I have often done it by myself, although not by the recommend procedure. And it's not a lot of fun.


----------



## microstar (Dec 7, 2015)

Elaborating on Aud J's comment, if you maintain a standard high trim for a standard or rep plot, once you have all the lights focused correctly, you can lay out a plastic tarp and lower the pipe to a convenient low trim working height--say 6'. Trace and label the outlines of the beams on the tarp. Mark the position of the fixture clamps on the pipe and reference points to locate the tarp on the stage floor. As long as you bring the pipe to its correct high and low trim, everything should be very close.


----------



## AsherSB (Dec 9, 2015)

We had ladders at my high school, I wouldn't recommend it, no fun for students to brave that sort of thing. Bringing it up and down is probably your best option, maybe look into a retrofit sometime soon.


----------



## TheaterEd (Dec 10, 2015)

My incredibly low-tech method is to stand where I want the light to hit and point with my arm up to where the light will be at high trim. Then I have one of my techs make the light match the angle of my arm. This isn't going to work with your small areas, but it can be effective for general areas if you don't have the right tools lying around.


----------



## JonathanHarpur (Dec 10, 2015)

TheaterEd said:


> My incredibly low-tech method is to stand where I want the light to hit and point...



Hey! You're a sextant! Sort of.


----------



## Evans Poulos (Dec 11, 2015)

And he knows it. Lol


----------



## JonathanHarpur (Dec 13, 2015)

At the very least, I'm sure he's inclined to agree.

...I'm here all week. Try the roast beef, and don't forget to tip your waitress. Thank you, goodnight.


----------



## Rose03 (Nov 30, 2018)

Does anyone have tips for focusing lights on etc prodigy. I find it difficult to guess where the beams will end out once the pipe is back up.


----------



## SteveB (Nov 30, 2018)

Genie lift ?

https://www.northerntool.com/shop/t...e1skJFAbHNb3bgREy1UXFVtk5nC3wRq8aAk_pEALw_wcB


----------



## BillConnerFASTC (Nov 30, 2018)

Lights can be hung, services, and rough focused on the floor but not possible to do really good focus of non-automated lights from the floor. Bounce focusing is just frustrating.

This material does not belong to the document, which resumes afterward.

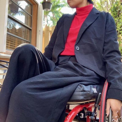 There’s a reason it says it’s adaptive seated fit, y’all! As a wheelchair user, this is my go to blazer. Fits true to size, looks great with the coordinating adaptive pants, doesn’t bunch the way standard blazers do, and doesn’t interfere with rolling or get caught in my wheels. The zippers don’t “add bulk” when you’re someone who needs them there. It’s nice to have an affordable option for the office.

Besides a powered personnel lift, scaffolding is used also, and is less expensive. I've liked UpRight Scaffolding, which I was able to erect and disassemble solo, but there are others. Ladders are not recommended.


----------



## sk8rsdad (Nov 30, 2018)

It sounds like you need a primer on how to bounce focus.

https://www.controlbooth.com/wiki/bounce-focus
https://www.controlbooth.com/threads/bounce-focus-tips.39168/

It's an exercise in applied trigonetry and similar triangles. Here's an example.

Let's assume your trim height is 6m (~18 ft)
Make the batten's focus height 2m (~6 ft). This makes the ratios simple (3:1)
For each fixture:

_It is important to consider each fixture separately. If 2 fixtures need to intersect when at trim height, they won't intersect when the batten is at focus height. The beams hit the floor at different locations when the triangle is 2m tall than they will when it is 6m tall._
If you want the focus point on the floor to be 3m downstage when at trim, then the focus point (when the batten is at focus height) needs to be set at 1m downstage.
Similarly, if you want the floor focus point to be 2 m to stage left, then the fixture needs to be panned 2/3 m from a theoretical line perpendicular to the fixture.


----------